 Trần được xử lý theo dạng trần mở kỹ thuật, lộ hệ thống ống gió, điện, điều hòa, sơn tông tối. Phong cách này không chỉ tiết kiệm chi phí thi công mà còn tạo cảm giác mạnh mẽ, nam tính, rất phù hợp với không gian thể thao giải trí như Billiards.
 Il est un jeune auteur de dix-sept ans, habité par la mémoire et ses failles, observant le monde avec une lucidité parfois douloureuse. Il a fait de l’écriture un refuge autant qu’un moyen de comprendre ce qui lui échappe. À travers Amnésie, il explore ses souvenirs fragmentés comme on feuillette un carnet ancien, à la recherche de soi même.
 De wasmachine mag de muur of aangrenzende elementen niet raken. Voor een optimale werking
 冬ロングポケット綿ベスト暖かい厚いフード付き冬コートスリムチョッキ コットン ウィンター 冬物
# # #
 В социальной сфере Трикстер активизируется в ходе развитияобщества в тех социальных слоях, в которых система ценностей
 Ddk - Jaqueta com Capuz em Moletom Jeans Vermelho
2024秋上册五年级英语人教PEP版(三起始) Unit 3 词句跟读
# # #
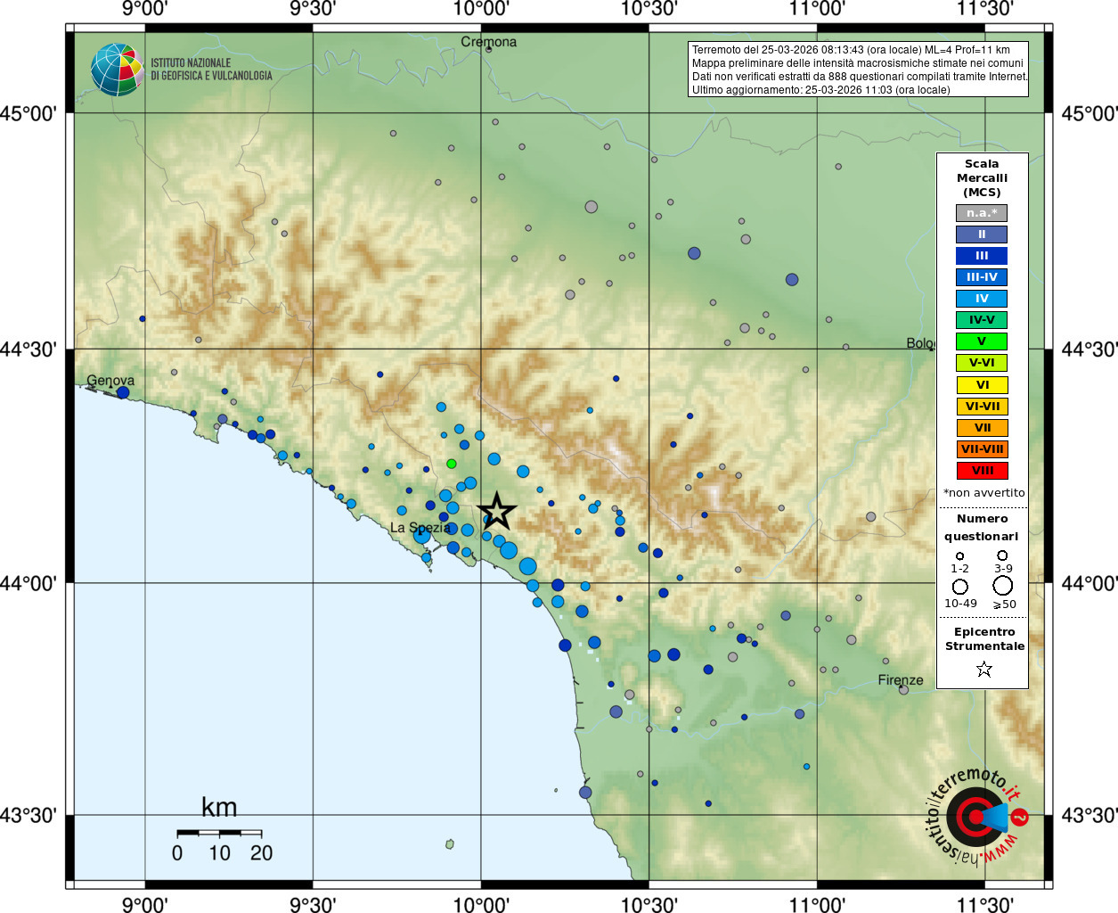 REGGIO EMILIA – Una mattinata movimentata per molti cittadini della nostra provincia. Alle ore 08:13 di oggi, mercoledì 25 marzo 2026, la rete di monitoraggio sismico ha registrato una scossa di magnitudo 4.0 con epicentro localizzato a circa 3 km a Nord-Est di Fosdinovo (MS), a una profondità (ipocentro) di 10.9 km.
# # #
WHAT IS REQUIRED: Print exactly the lines above, between the one holding "Trần được xử" and the one holding "De wasmachine mag", inclusive, and nothing besides.

SOLUTION FOR THIS EXERCISE:
 Trần được xử lý theo dạng trần mở kỹ thuật, lộ hệ thống ống gió, điện, điều hòa, sơn tông tối. Phong cách này không chỉ tiết kiệm chi phí thi công mà còn tạo cảm giác mạnh mẽ, nam tính, rất phù hợp với không gian thể thao giải trí như Billiards.
 Il est un jeune auteur de dix-sept ans, habité par la mémoire et ses failles, observant le monde avec une lucidité parfois douloureuse. Il a fait de l’écriture un refuge autant qu’un moyen de comprendre ce qui lui échappe. À travers Amnésie, il explore ses souvenirs fragmentés comme on feuillette un carnet ancien, à la recherche de soi même.
 De wasmachine mag de muur of aangrenzende elementen niet raken. Voor een optimale werking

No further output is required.